特に女性の情念は思いが強く、一代で叶わなかった願いは世代を超え、次の世代へと受け継がれてまで昇華される、などの逸話も多い。
今回ご紹介する作品は、日本の怨霊をモチーフに、現代に生きる男女の情愛を描いた花房観音の官能短編集『ごりょうの森』(実業之日本社)。7編の作品のうち、今回は表題作である「ごりょうの森」をご紹介する。
主人公の高木は京都の料理屋を営む父の一人息子で、幼少時代はお手伝いを雇うほどの裕福な家庭で育った。
大学を卒業してから父が営むレストランに就職し、支配人の美也と出会う。美也は一度離婚をしており、元夫のところに娘がいる。高木はかつて交際してきた同世代の女性には感じなかった、一人で生きる女性の逞しさ、色艶と品を持つ美也に惹かれていくが、実は彼女が父の愛人であることを知る。美也は父の子を妊娠していたのだ。
離婚をして美也と一緒になるという父の申し出を母親は一蹴し、弁護士を立てる騒ぎになった。結局、美也は京都を離れて実家に戻り、のちに流産、美也も体調を崩したまま亡くなった。
高木の父は亡くなり、母は施設で暮らしている。
その矢先に、高木は馴染みの小料理屋で美也によく似た女性に出会った――彼女は美也の娘、琴子であった。
高木は現在、家庭を持っているが、子どもを授かってからもう10年ほど妻との営みはない。かつて惹かれていた年上の女性と瓜二つな琴子を目の前にし、高木は欲情し、体を重ねた。
もう50代になる高木は、まるで美也と出会った20代の頃のように心が躍った。琴子のマンションに通い詰め、お互いが欲しくてたまらなくなるセックスを繰り返す――高木は50という歳で、あらためて女の体に夢中になった。
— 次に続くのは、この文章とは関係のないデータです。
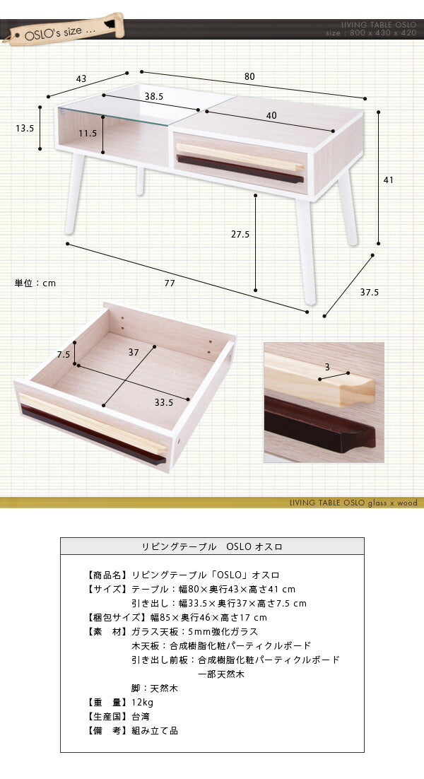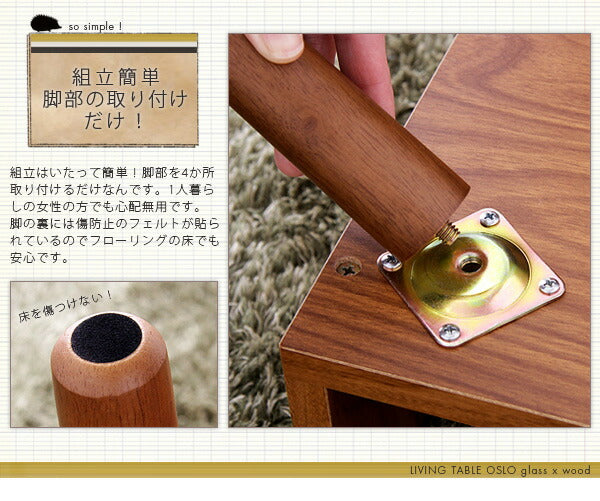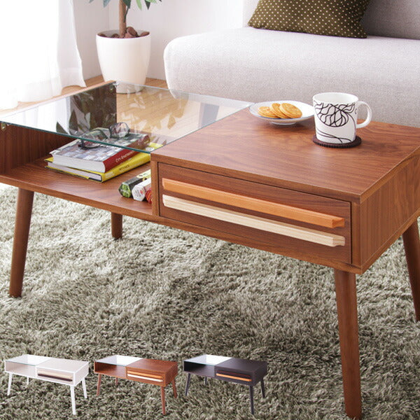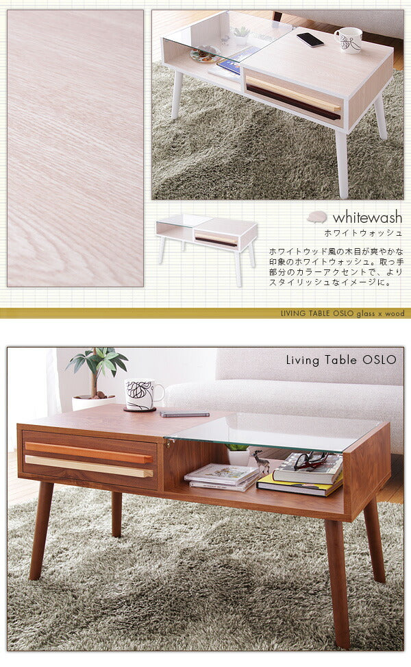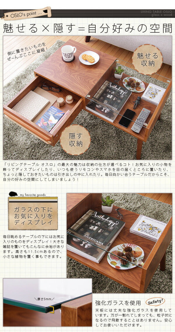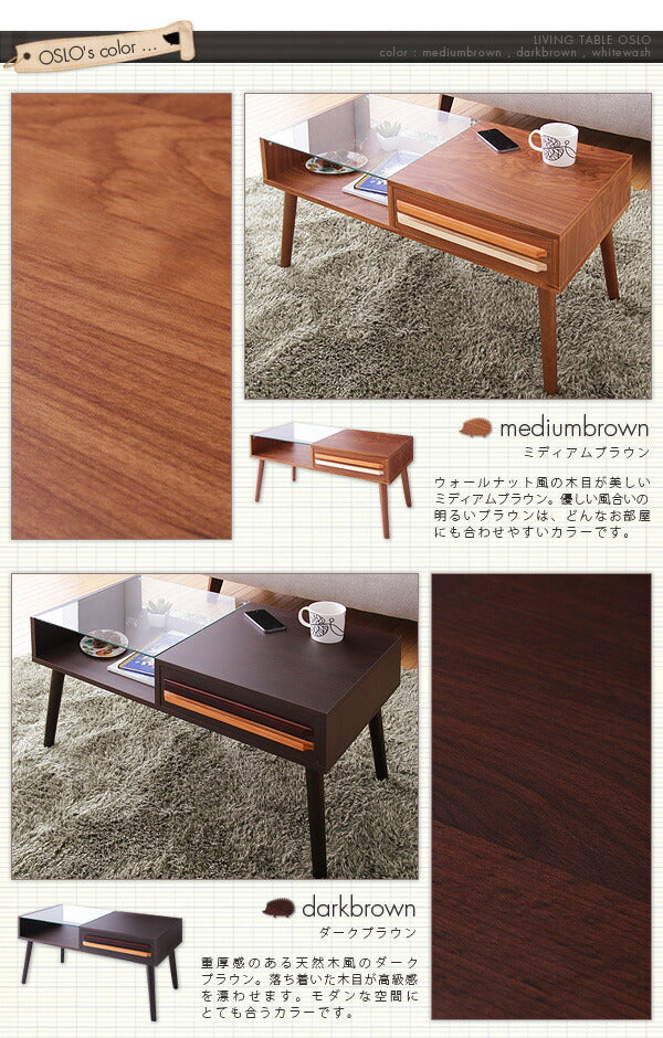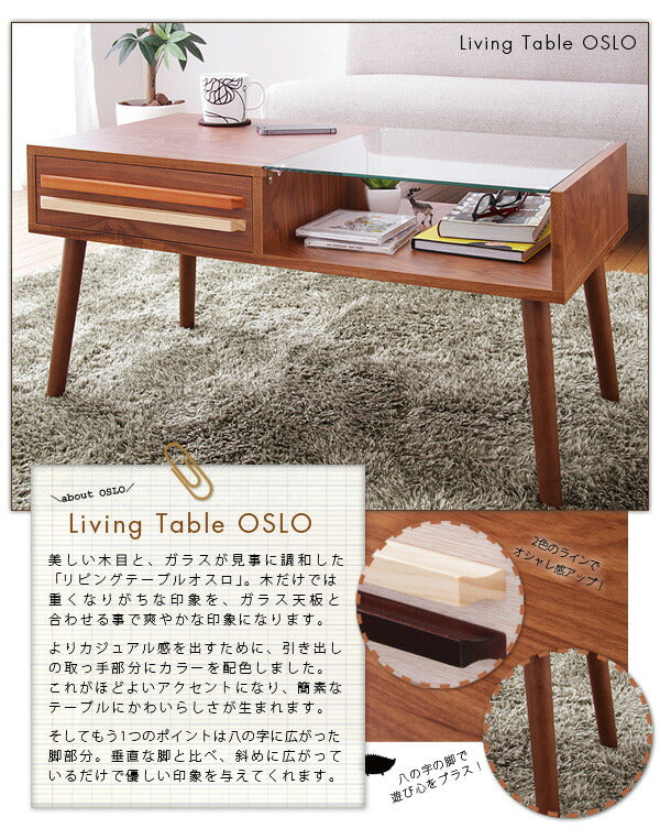 テーブル ウォールナット ガラス 木製 ローテーブル 引き出し 北欧 OSLO 【リビングテーブル オスロ】

妻には嘘をついて琴子の元に行っていたが、妻にはとうにバレていた。
「容認する」と妻に告げられた夜、ふと父のことを思い出す。美也を選び、離婚を決意した父。琴子のことは愛しているが、父親のように家庭を捨て、琴子と共に生きることはできない――そう感じつつも琴子と離れられずにいる高木は、どのような結末を迎えるのだろうか。
本作は、京都の上御霊神社になぞらえた作品になっている。祀られている八柱の神様の中には井上内親王という女性の神も存在する。無念の死を遂げ、怨霊担って祟る霊を鎮めるための神社だ。
代々祟るほど、女の情念は強い。娘の体を使い、息子を滅ぼそうとするほどに。
怪談話にも感じられる本作、ぜひこの夏にご一読いただきたい。